When I first knew I had cancer I had recently read Michael J Fox’s brilliant memoir detailing his battle with Parkinson’s Desease. He wrote: “If you were to rush into this room right now and announce that you had struck a deal – with God, Allah, Buddha, Christ, Krishna, Bill Gates, whomever – in which the ten years since my diagnosis could be magically taken away, traded in for ten more years as the person I was before – I would, without a moment’s hesitation, tell you to take a hike.”

I didn’t feel that way about my son’s heart when I read it and I don’t feel the same about my cancer now. I hate my disease and the many others carried by my fellow incurables. My thyroid’s well gone but, like a bad tenant with rats below the floorboards, it left behind a tumour in my liver and a few smaller ones elsewhere.
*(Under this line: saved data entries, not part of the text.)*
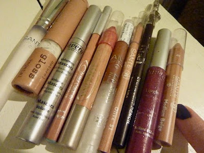 Minulle on kertynyt yllättävän monia meikkikyniä, vaikka käytän vain muutamaa (ja on siellä yksi ripsivärikin, näköjään). Nämä ovat lähinnä silmän- ja huultenrajauskyniä, ja kaikki ovat sertifioitua luonnonkosmetiikkaa. Valikoimassani on Laveraa, Santea ja Couleur Caramelia.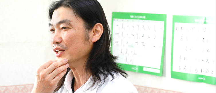 例えば、教材のくり返し学習。これは、物事を身につける上で一番大切なことですが、同時になかなか面倒でもあります。子どもだけでなく、大人でも継続するのは大変と感じる人もいると思います。教室の生徒さんが素直に教材に取り組んでいるのは、褒めて認めてやる気を引き出してくれる先生のおかげです。もちろん、私もその一人。先生と話すのが楽しくて、教室に行くとついつい長話してしまいます。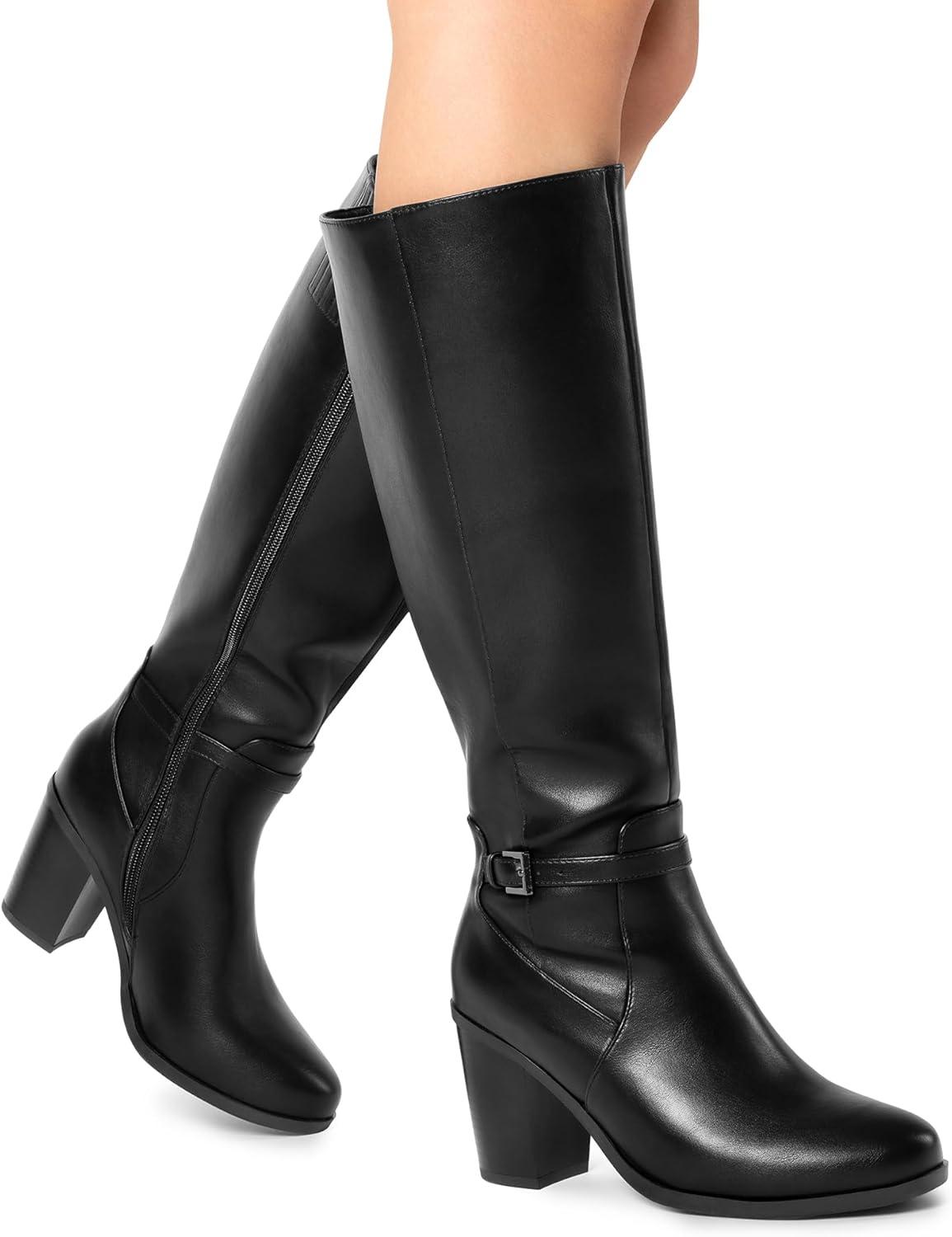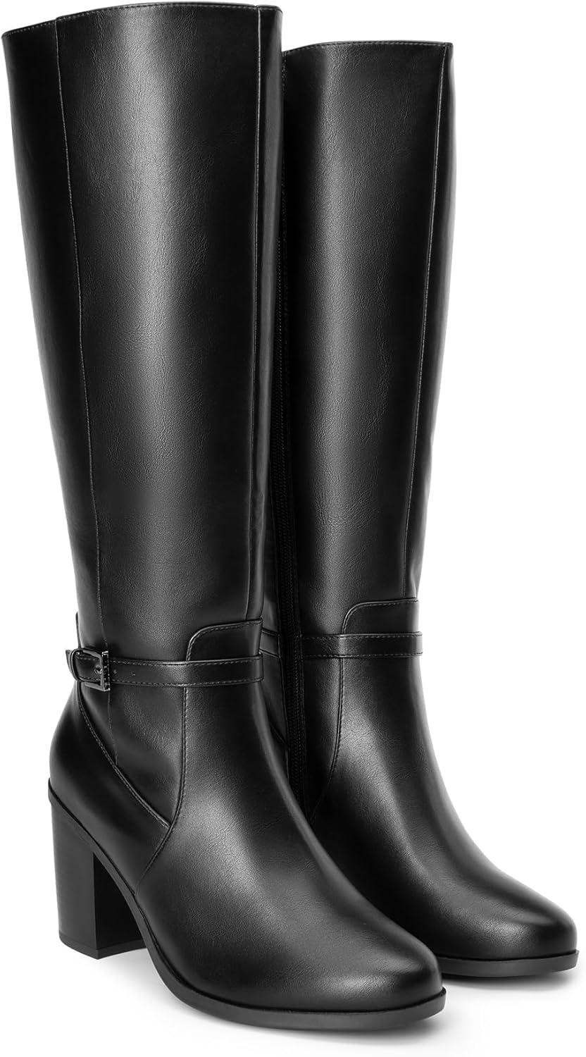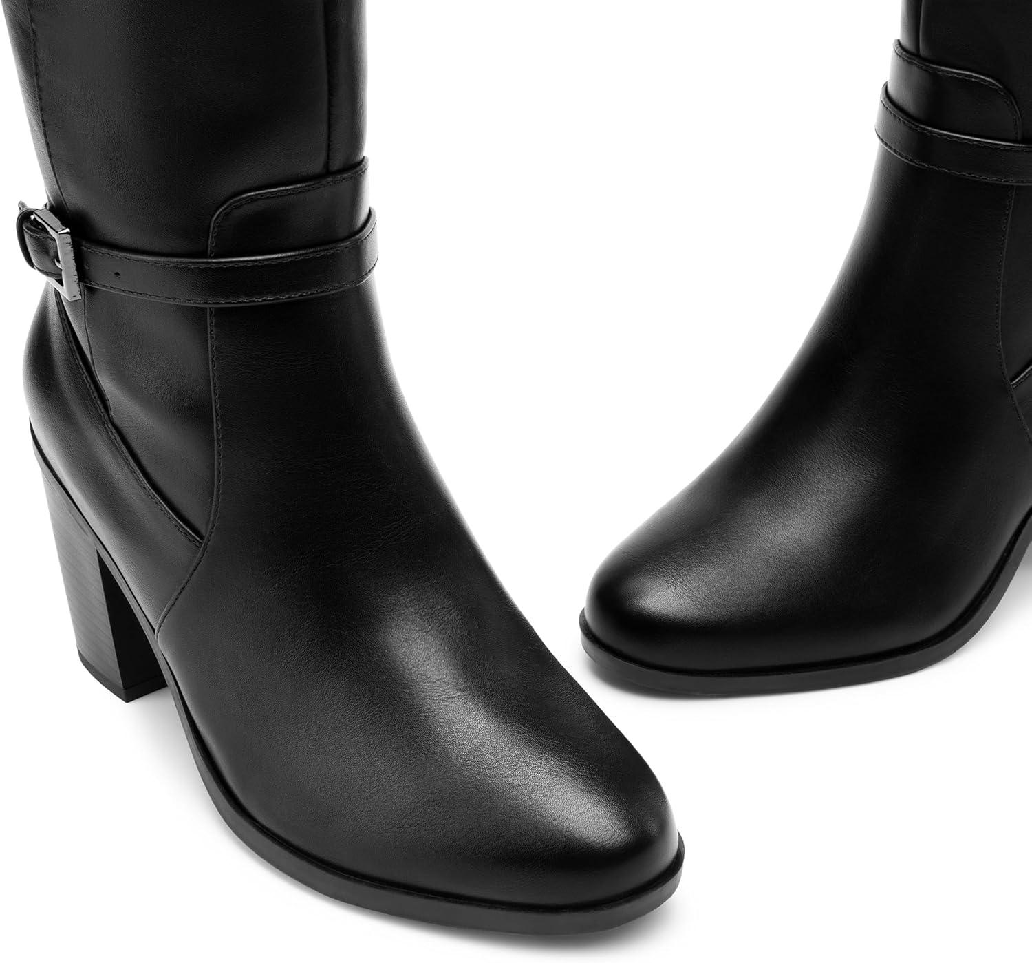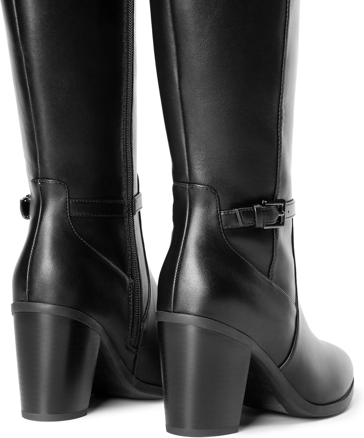 DREAM PAIRS Women’s Knee-High Boots Comfortable Chunky Block Heel Side Zipper(Black-pu)

The ongoing question is whether it has left anything of value.

An ancient song, the fourth Psalm, got me through radiotherapy 15 years ago. Its words helped me endure being clamped every morning, unable to swallow when they zapped me. One phrase, “Why do you people turn my glory into shame?” speaks to the stigma. It addresses those voices of blame and shame. They make us feel dirty or guilty or lax or worse for being sick or messed up. They can be spoken by good people who love us, clergy or physicians and the worse ones yap on and on inside your head. 




This stigmatisation distorts our humanity and hampers our true healing. When it comes from Christians, it erodes the very core of our faith. The apostle Paul suggests this to the churches in Galatia. “God forbid,” he writes “that I should glory, save in the cross of Christ”. One thing he means is that there’s a tangible glory in pain – especially Christ’s, but ours too. Your suffering should not be shamed because it is part of the greater glory of Christ’s pains for us and with us. A few sentences later he alludes to this using the Greek word ‘stigma’ from which we get the same English word. “I carry around the ‘stigma’ of Christ.” So, he says “Let no-one give me trouble” or, in my words, “Shut up”.

Turning back to Jacob, I am actually more inspired by his limp. He got it from a big night out, wrestling with God, whatever that looks like. My dried out voice and stiff neck feel like an upper-body limp. Serious illnesses leave scars, even if they’re hidden. Perhaps Jacob gloried in his hobble. When people patronised him, advised him or wrote him off, perhaps he laughed. Then he would touch his dodgy hip and say, “There’s glory in this hip”.  I think there’s glory in our scars and glory in our tears. It’s not that all our sicknesses are wrestling injuries (though it usually feels like it). It’s that our limps and scars and bodily dysfunctions can and do actually frame something sacred. It is at the points of struggle and pain we encounter something holy. Whether we feel the stigma that are the marks of the incurable or the shame and disgrace poured out from others, try to laugh with Jacob and touch the glory. A friend going through radiotherapy told me this week that his wife calls it the ‘glory rays’ – they’ve got the right idea.

You may doubt this – really, it’s fine. Not because I say so but because Jesus welcomes your doubts. My namesake, “Doubting” Thomas, knew it. For him, it wasn’t seeing that was believing. It was touch. Such touch speaks to our present crises. Our world has been starved of meaningful touch but long before this current crisis, society and church have tolerated touch which causes harm while incurables have been treated as untouchables. In such a mess, Thomas knew, even in doubt, that there is glory in touch. Jesus affirms this giving him permission to touch His hands and side. They both knew that the sacred is strongest, not in resurrection power. Then and now, the sacred is in the stigma and the glory in the wounds.

In your world there will be incurables. How can you reduce the stigma and help them feel the glory?